→ **SUPPLIED MATERIAL**:
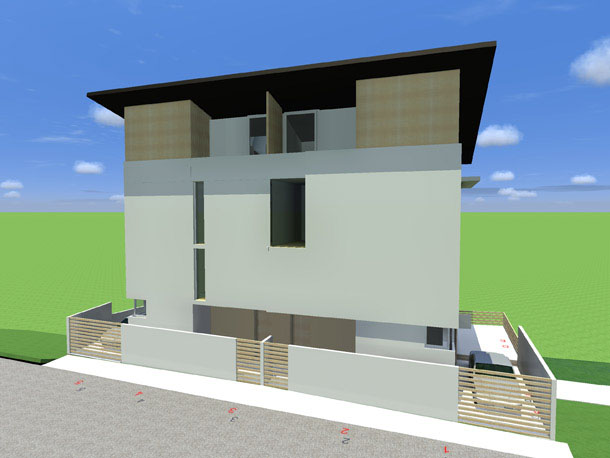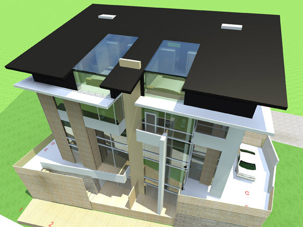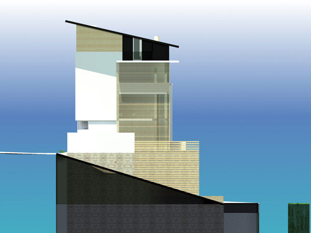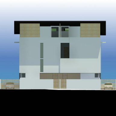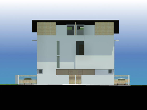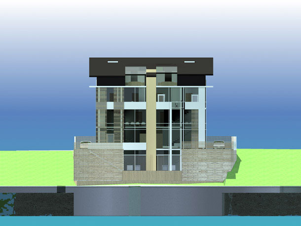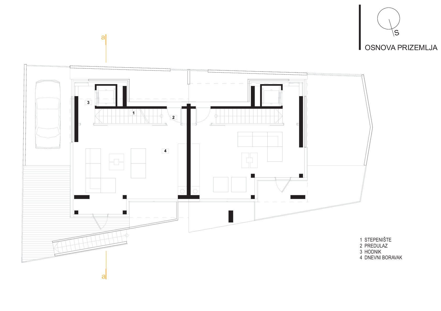 Kuća se nalazi uz rijeku Vrbas, sa ulazne zapadne strane je aleja kestenova, a sa istočne rijeka. Prostori postavljeni u horizontalnom slijedu sinhrono slijede jedan drugi i od minimalističkog dnevnog boravka preko trpezarije okružene staklima i sa direktnim izlazom na jug ili istok u baštu izolovanu sa svih strana.
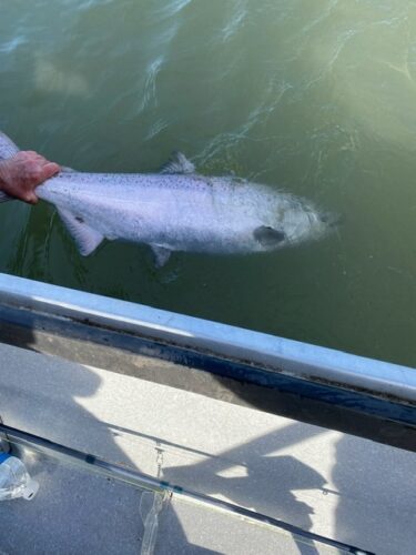 Not too long into the morning, Larry expertly reeled in the first king salmon of the year. It measured 38” and was quickly released. Although it didn’t beat his personal best, it was a great first fish to open the season.
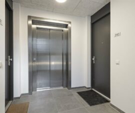 Statige entree met brievenbussen, bellentableau, lift en trappenhuis.
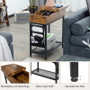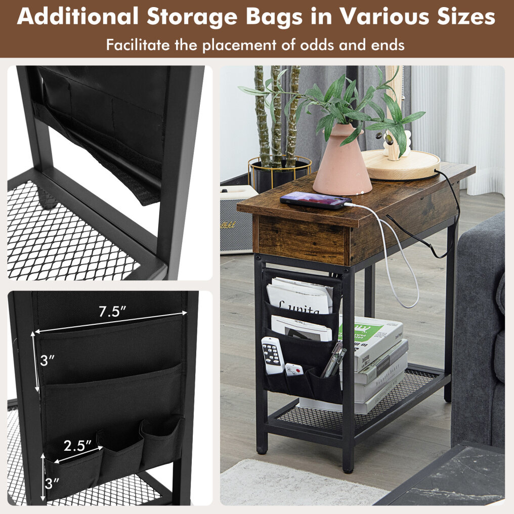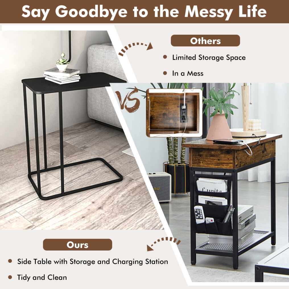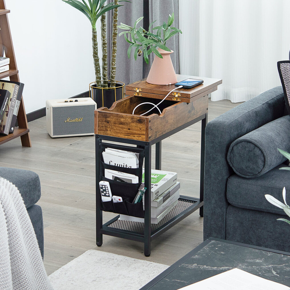 It features an interior power strip that consists of 2 AC outlets and 2 USB ports, allowing you to charge the electronic devices with ease. When the tabletop is closed, the power strip is still available thanks to the 2 side grooves. What's more, the sofa side table can also provide ample storage space, including a side pocket, a concealed compartment and an open shelf, for you to organize the sundries. Besides, the nightstand is also reliable in construction. The heavy-duty steel frame with adjustable foot pads can keep good stability on the carpet or floor. Thus, being functional and stable, the narrow side table is suitable for the bedroom, living room or study.

→ **TASK TO CARRY OUT**: Up to and including the last line of the listing, starting at the line with "Not too long", extract every line exactly and leave out the pictures.

→ **COMPLETED TASK**:
 Not too long into the morning, Larry expertly reeled in the first king salmon of the year. It measured 38” and was quickly released. Although it didn’t beat his personal best, it was a great first fish to open the season.
 Statige entree met brievenbussen, bellentableau, lift en trappenhuis.
 It features an interior power strip that consists of 2 AC outlets and 2 USB ports, allowing you to charge the electronic devices with ease. When the tabletop is closed, the power strip is still available thanks to the 2 side grooves. What's more, the sofa side table can also provide ample storage space, including a side pocket, a concealed compartment and an open shelf, for you to organize the sundries. Besides, the nightstand is also reliable in construction. The heavy-duty steel frame with adjustable foot pads can keep good stability on the carpet or floor. Thus, being functional and stable, the narrow side table is suitable for the bedroom, living room or study.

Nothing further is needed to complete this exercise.